# World Grand Prix - Announcement



## Pete McKay (Dec 20, 2006)

*Welcome to the World Grand Prix Offical Announcement. *

Since Yoshi is stealing my .gif images I'd better get this announcement in before he finds the rest of them. 

The series is now set to begin Friday, August 1, 2008. It will be a five race series, set tracks that the A1GP has at one time actually raced at. Here is the scheduled line up:








ROUND ONE: Netherlands - Zandvoort. August 1, 2008

















ROUND TWO: Australia - Adelaide. August 8, 2008

















ROUND THREE: Mexico - Autodromo Hermanos Rodriguez. August 15, 2008


----------



## Pete McKay (Dec 20, 2006)

*...continued....*








ROUND FOUR: United States - Mazda Raceway Laguna Seca. August 22, 2008

















ROUND FIVE: Italy - Imola. August 29, 2008










As it stands right now there are 9 kids (or developmentally disabled adults) and 5 adults involved. I have until the end of the week to announce who will be racing and start my slot car classes with the kids to get them ready for the first event.
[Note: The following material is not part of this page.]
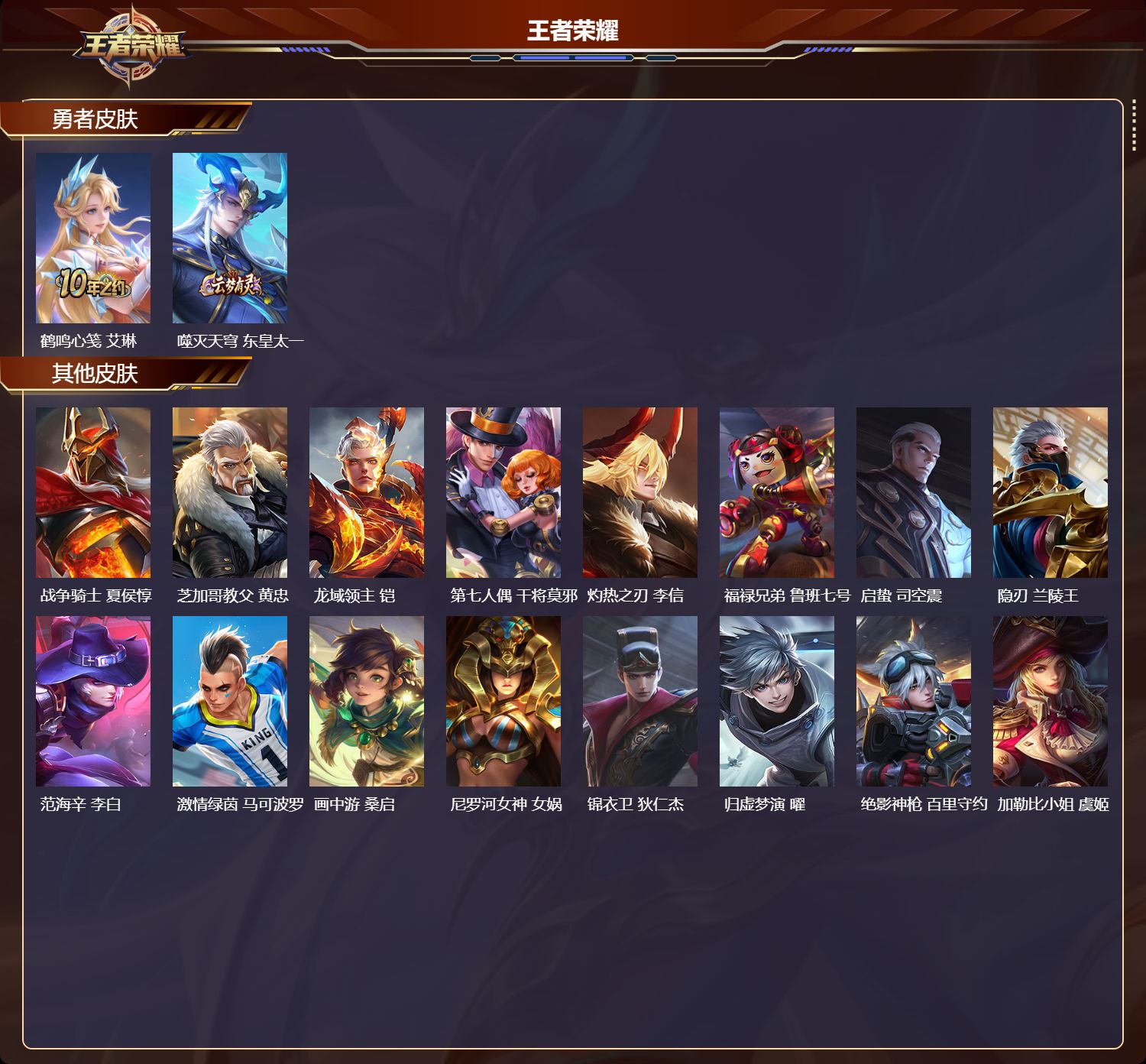 【16,其他皮肤】战争骑士,夏侯惇,芝加哥教父,黄忠,龙域领主,铠,第七人偶,干将莫邪,灼热之刃,李信,福禄兄弟,鲁班七号,启蛰,司空震,隐刃,兰陵王,范海辛,李白,激情绿茵,马可波罗,画中游,桑启,尼罗河女神,女娲,锦衣卫,狄仁杰,归虚梦演,曜,绝影神枪,百里守约,加勒比小姐,虞姬,

This will include more practice on temporary courses, teaching breaking and car control. By the end of the week the set field and what country they will be racing for will be posted in this string. 

Thanks to Greg Braun's slot car site for a couple of the layout diagrams.


----------



## Pete McKay (Dec 20, 2006)

*World Grand Prix Drivers Announcements*

Here are the drivers for the inaugural World Grand Prix:

Here are the community center kids that will be involved in the series.








Germany: Kevin Burke, age 12.








Canada: Simon Smith, age 13.








United Kingdom: John Hamilton, age 12.








China: Lee Yang, age 15.








India: Sarrah Singh, age 16 and Sander Singh, age 14, brother and sister.

These kids are related to sponsors or have been involved in another series.








Mexico: Mike Hernandez, age 14.








Portugal: Adrian Munoz, age 16, stepson of sponsor John Berry.

Here are the World Grand Prix ProSeries drivers:








Japan: Yoshi Nagura, age 26, sponsor.


----------



## Pete McKay (Dec 20, 2006)

*...continued...*








Ireland: John Berry, age 51, sponsor.








United States: Peter McKay, age 48, sponsor and promoter.








Other Sponsors We'd Like to Recognize:

Paul D., Hobbytalk Forum Member
Scale Auto, Slot Car Supplier/Discounter
Jamba Juice, Refreshment Supplier


----------



## PD2 (Feb 27, 2003)

Man! Those are going to be some AWESOME layouts and races! I sure wish I could be there for them! Definitely keep us posted on the races as they happen, as you always do.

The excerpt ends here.